In this post I want to cover how we can use a sitemap to run JMeter Load Tests against Drupal. This should lay the groundwork for being able to accurately understand how different architectural changes impact your site's performance.
The Why
Drupal is a popular CMS, but for better or worse Drupal is sometimes a mystery in terms of how it executes and performs. Cloud engineers and architects want to make sure their architectures are optimized and scaled to handle load, but usually there is no way to validate whether their design changes will truly improve their site before releasing it publicly. However, this isn't optimal since by then it's too late should we realize that our changes still don't improve performance at high-load times. On the flip side, we may realize that we are over-spending on resources to scale out for a load we may simply never receive.
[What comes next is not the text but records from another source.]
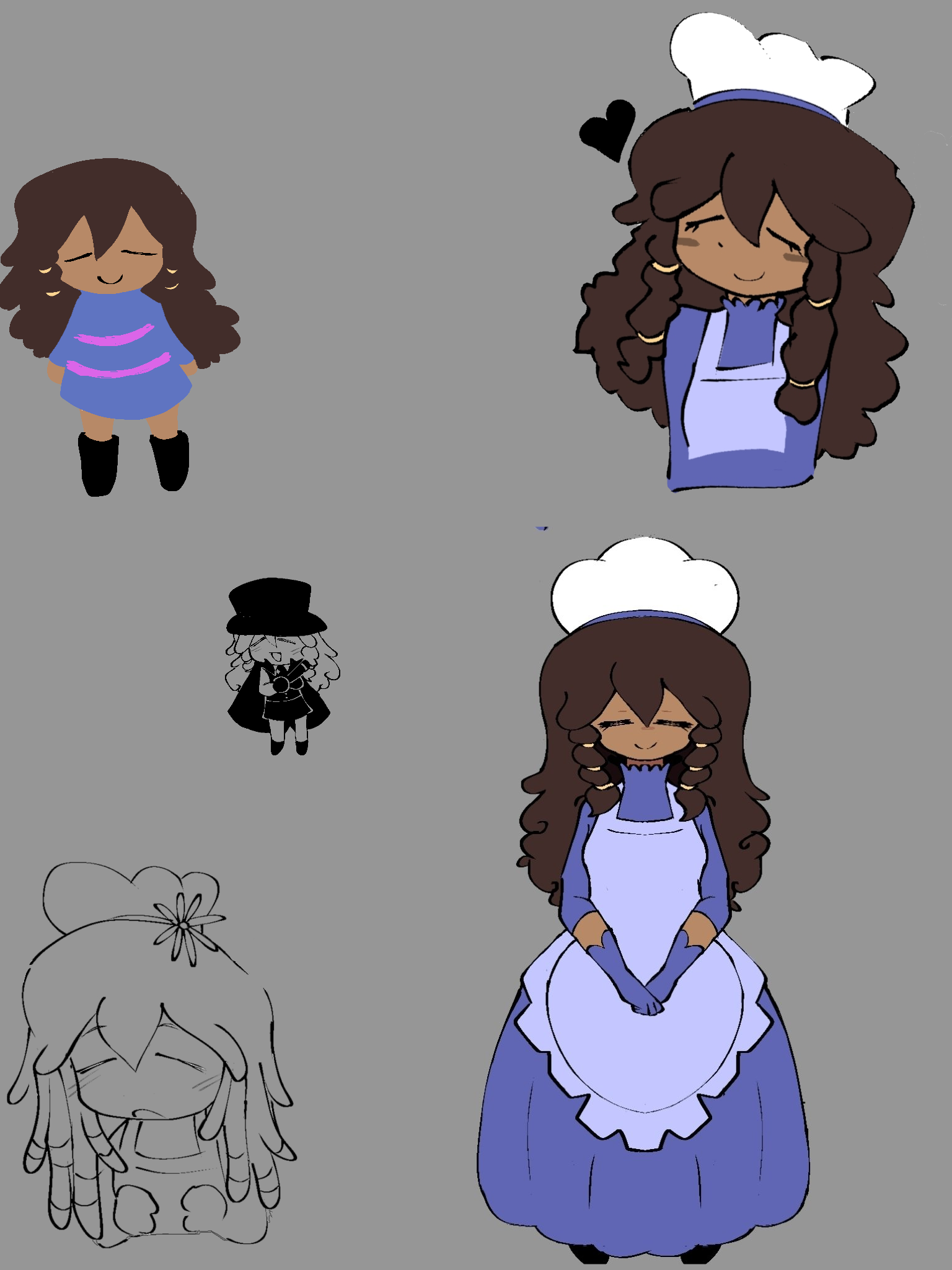 Dumping a few doodles now. I like drawing her hair down lol
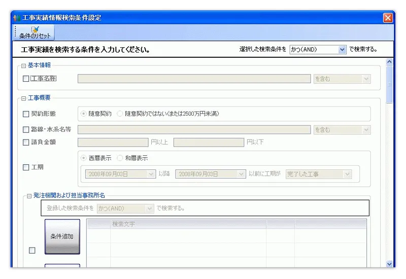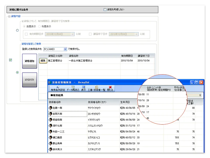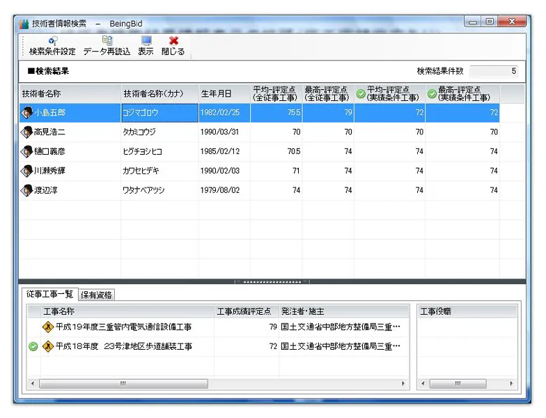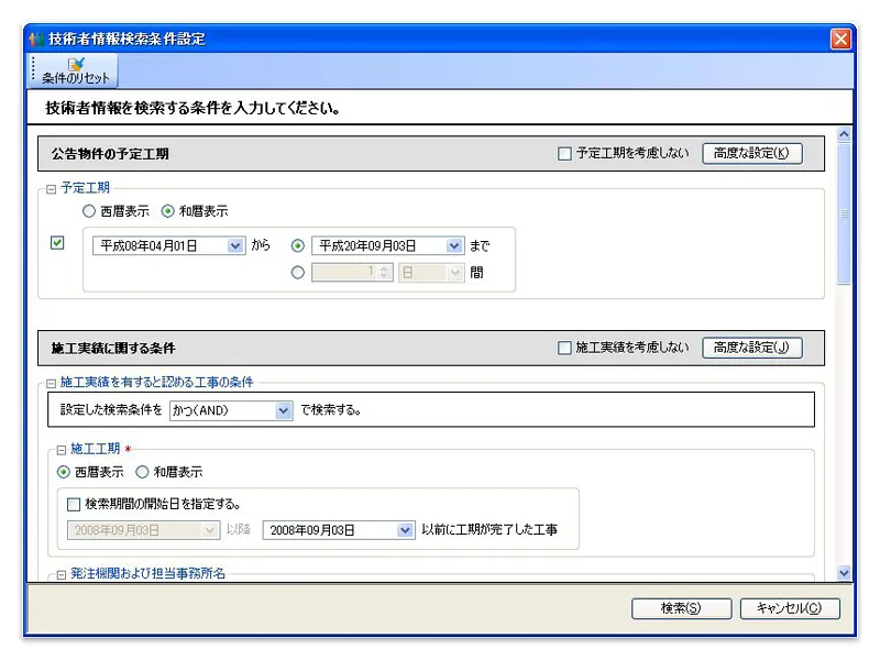 従事工事の技術情報、工事経歴、保有資格、継続教育などを条件に
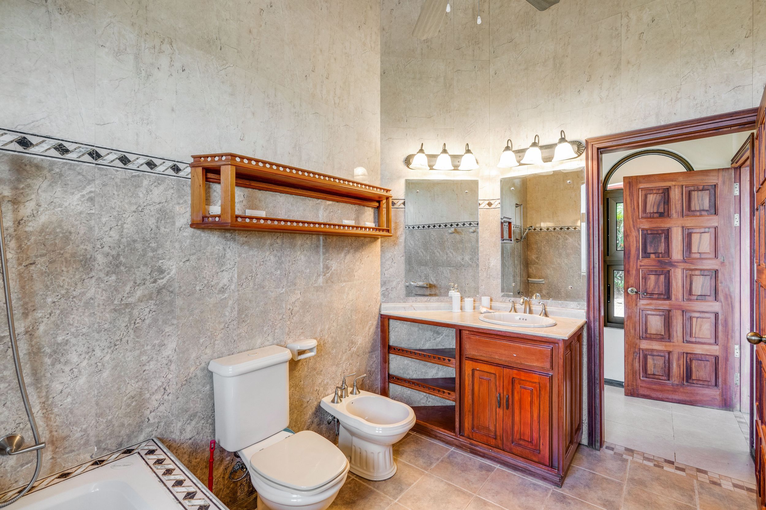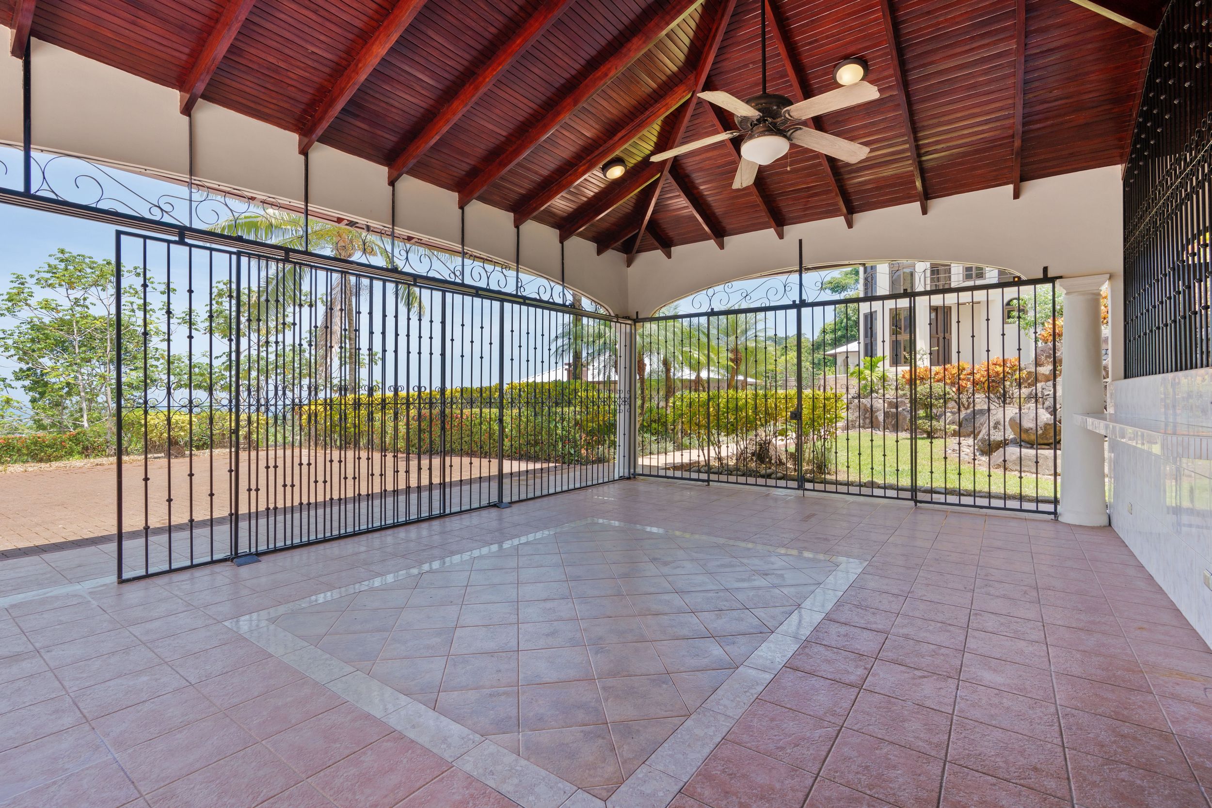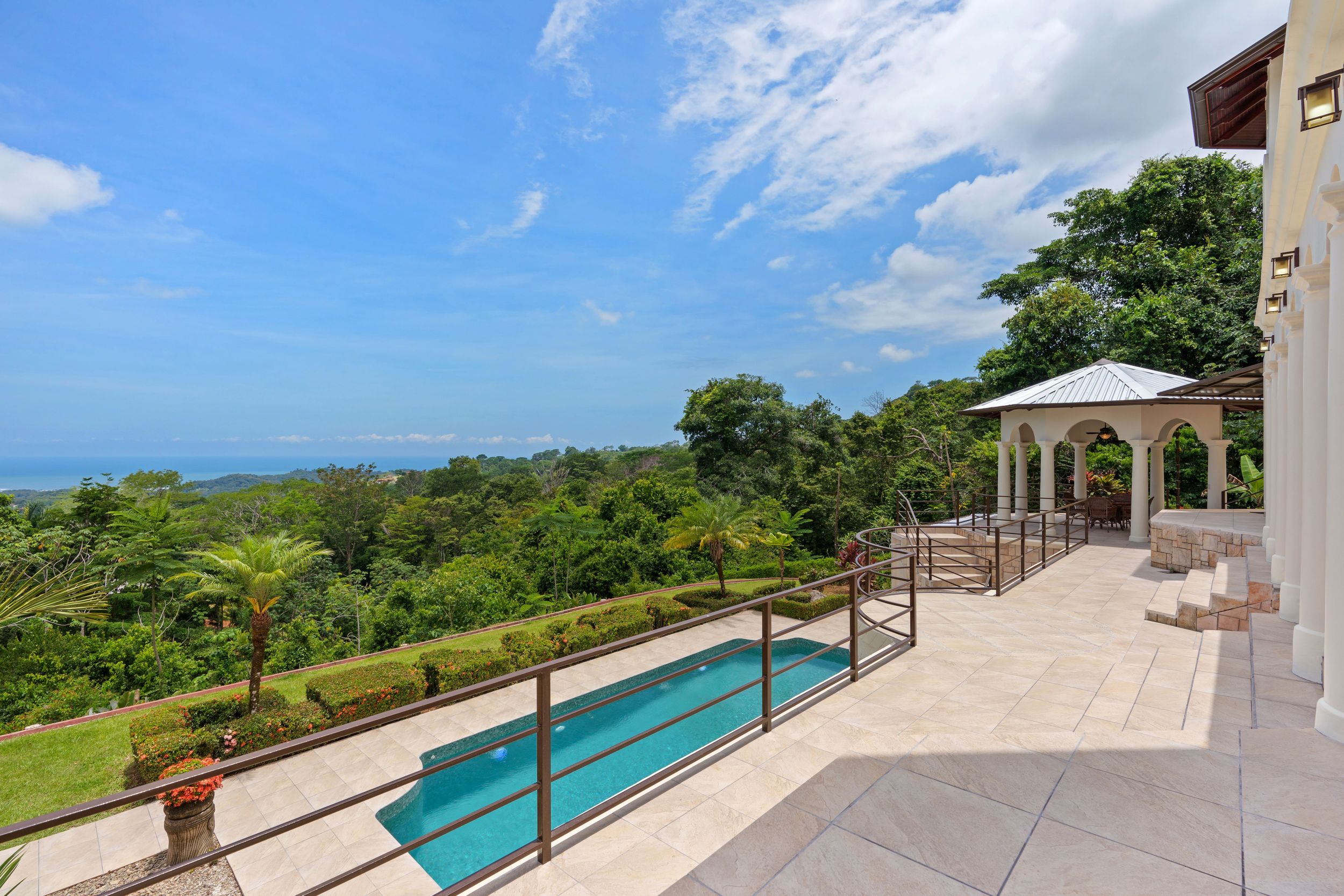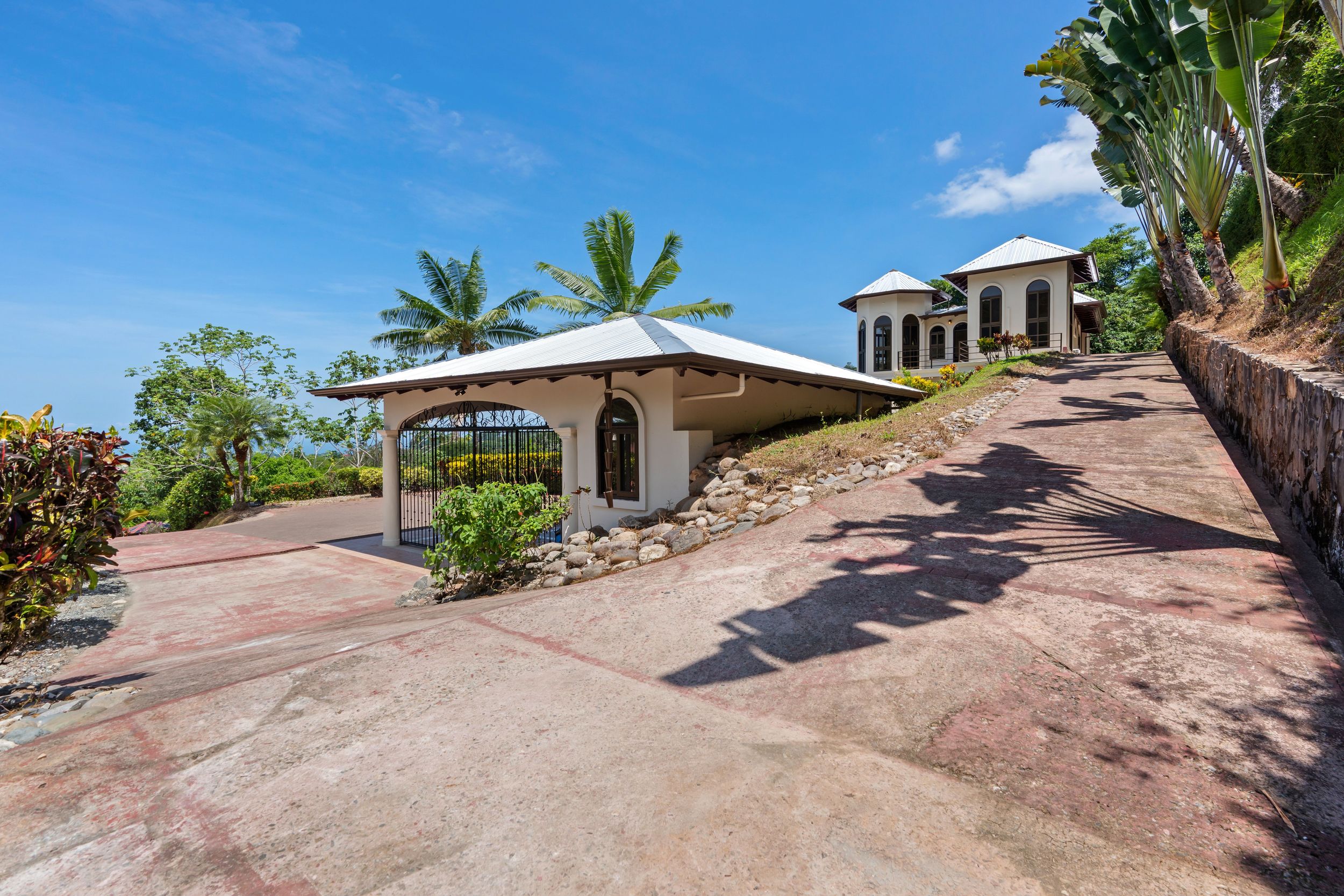 Main House and Pool The main house has a new roof, new railings, new paint, refinished wood kitchen cabinets and paneling made from Cristobal wood (one of the best hardwoods in Costa Rica), living room, and stair case. Upstairs are the 3 bedrooms, 2 full baths and an office, plus there is an entrance accessed by a concrete driveway that loops the entire home and property. The bathrooms feature marble counters and tiles from floor to ceiling.

Ultimately, we would like a way to run experiments and understand our changes before we promote these changes to production.
The How
Prerequisite - Docker to Run Drupal
Before diving into the load test, I need a Drupal site that I can work with. I've decided to run this locally with the following Docker Compose file. You do not need to run your Drupal site as I do with containers, this is just the way I decided to get started quickly. I also use the demo unami site to create content when I navigate to the UI of the site and run the initial install:
version: '2'
services:
mysql:
image: mysql
environment:
MYSQL_ROOT_PASSWORD: example
MYSQL_DATABASE: drupaldb
volumes:
- 'mysql_data:/var/lib/mysql'
drupal:
image: drupal:10
ports:
- '80:80'
depends_on:
- mysql
volumes:
mysql_data:
driver: local
Question: What Paths Exist in the Site
It would be ideal that we load test the site by hitting all the unique paths exposed. How do we find this list of paths exposed in the site? One way may be to leverage a sitemap - this should document all the paths of our site.
Now, how do we generate a sitemap? After a random search of Drupal modules, the following simple sitemap module looks promising. We expect that this module will produce a sitemap.xml file that includes all the paths within our site. Let's test that hypothesis.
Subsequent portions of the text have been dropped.